2. Do not screw up taking out the trash. It will likely be one of your few escapes from the house.

3. When your baby goes to DEFCON 2 (poops – and not if, but when), the first couple of times are cute. That wears off somewhere around day three. At the first sign of a DEFCON 2 emergency make yourself busy. I personally tend to randomly pick up a screwdriver and do something. I’ve been know to be ‘screwing in the power socket’ for no known reason, or gassing up the mower to mow grass in the middle of February.

4. They’re never too young to try a nip of beer. Especially if they won’t go to sleep. Ok, I’m just kidding on this one, or am I?

5. Once they start crawling, your baby will get into everything… and I mean EVERYTHING! Now would be a fantastic time to strategically redeploy your porn collection.

6. If you don’t have an old radio set then now would be a great time to invest in one. Your Sunday football will soon be replaced (if it hasn’t already) by the Wiggles reruns, and that Fat Purple Nightmare that isn’t your Aunt Edna’s ass.

7. If you’re not using them by now, two little words will save you more grief than any others… ‘yes, dear’.

8. If your wife is still pregnant, you will (at some point in the next several months) find yourself half-awake at 3AM baking brownies for reasons beyond your wary mind’s comprehension. Just go with it. You’ll thank us later.

9. When your child is first-born, never turn to your wife and say, ‘congratulations, hon.
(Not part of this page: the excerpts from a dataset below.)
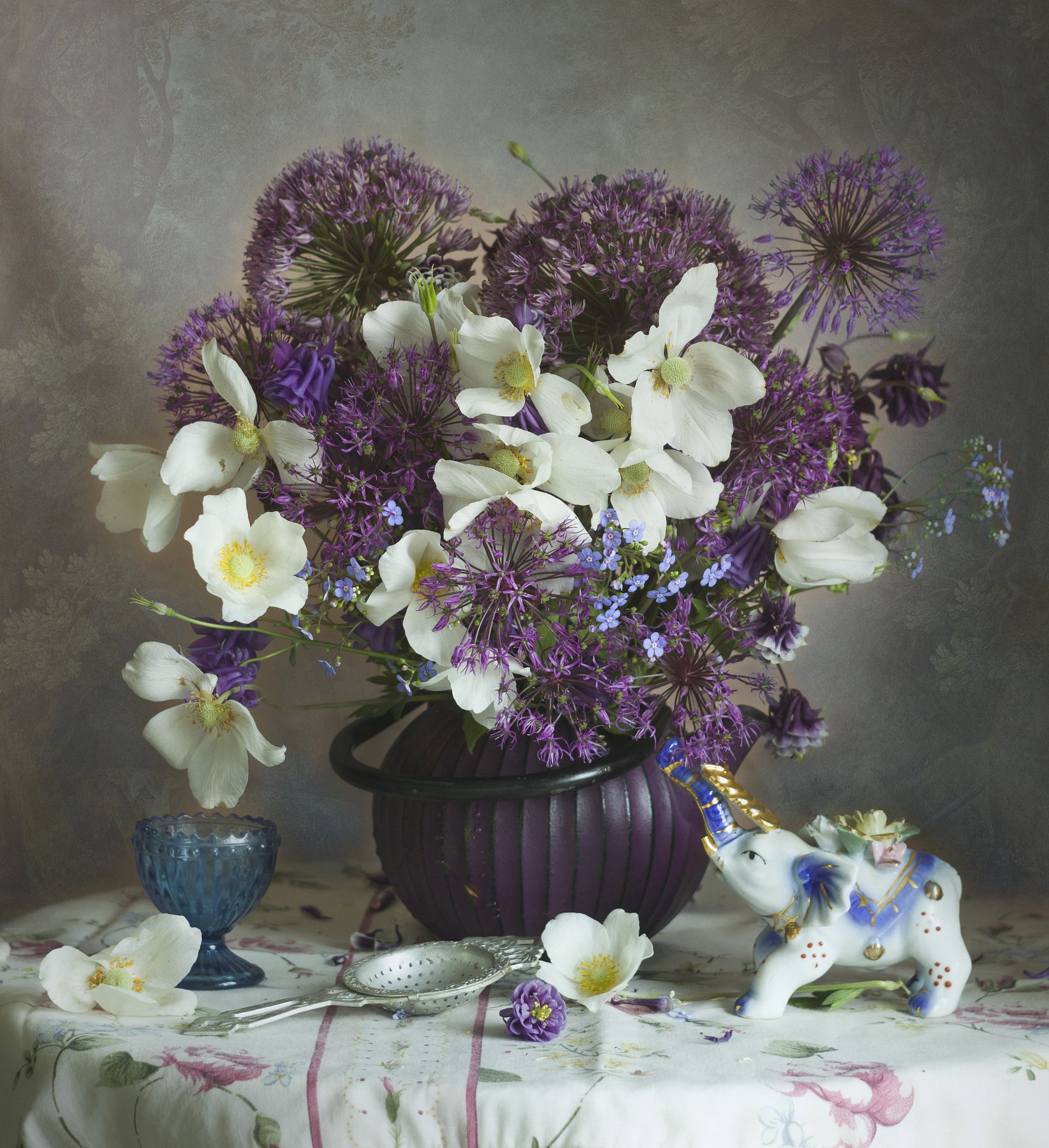 анемоны, букет цветов, фарфоровая статуетка, слоник, ситечко, чайник, лук декоративный, Лионелла Зимина
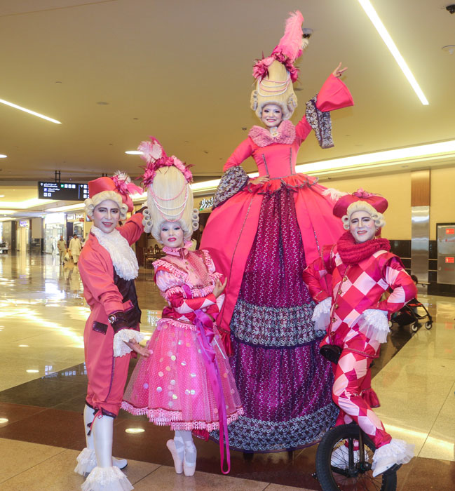 Make an impression at your next event with a walkabout act that is guaranteed to turn heads and pull in a crowd. The pink themed baroque characters are magnificent costumed performers with incredible outfits that stand out in any crowd. The walkabout act brings colour and vibrance wherever it goes and is sure to become a talking point amongst crowds as well as a brilliant photo opportunity for the guests.
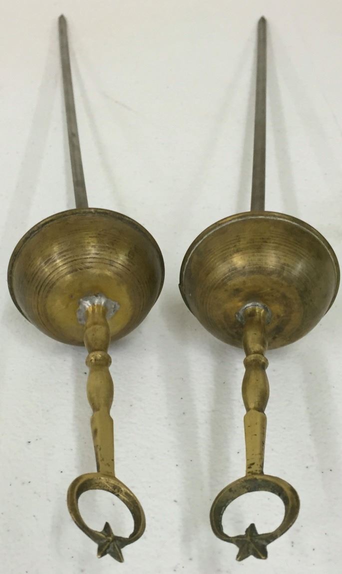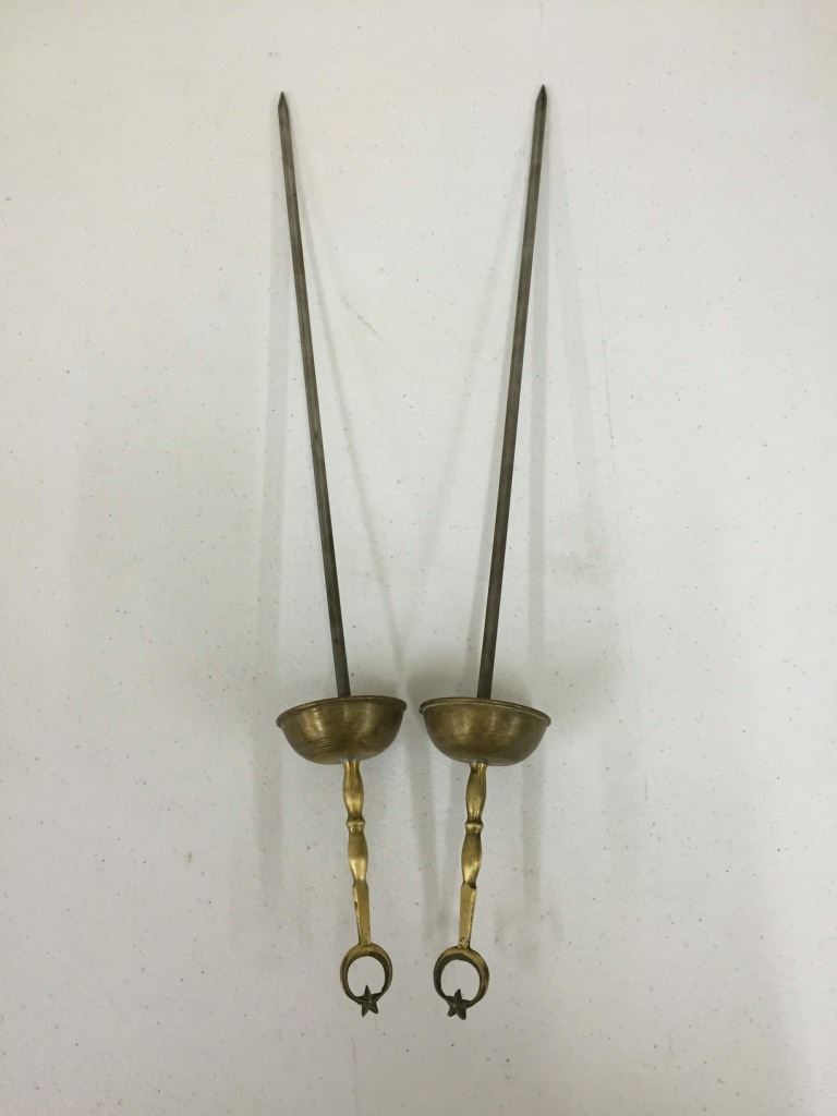 A vintage pair of small-scale Rapier swords with Toledo cup Hilts. They measure approximately 19.5 inches long each. Please look closely at pics as they are an important part of our description. Shipping: There will be a $7 handling / packaging fee for shipping this lot. The actual cost of postage will be added on top of that.

It’s a lizard.’ I still have the scar from that one.

10. There’s no law out there saying that you can’t customize your baby’s stroller so that you can maintain some semblance of manhood in public… flames on the sides, fog lights, fuzzy dice, an 8-ball hood ornament or two…

You now have been indoctrinated into the Order. You must vow to guard these sacred laws of wisdom with your lives. You mustn’t divulge them no matter how yummy that cake looks. Welcome to the Ancient Order of Dad. Go forth, and procrastinate, my brother.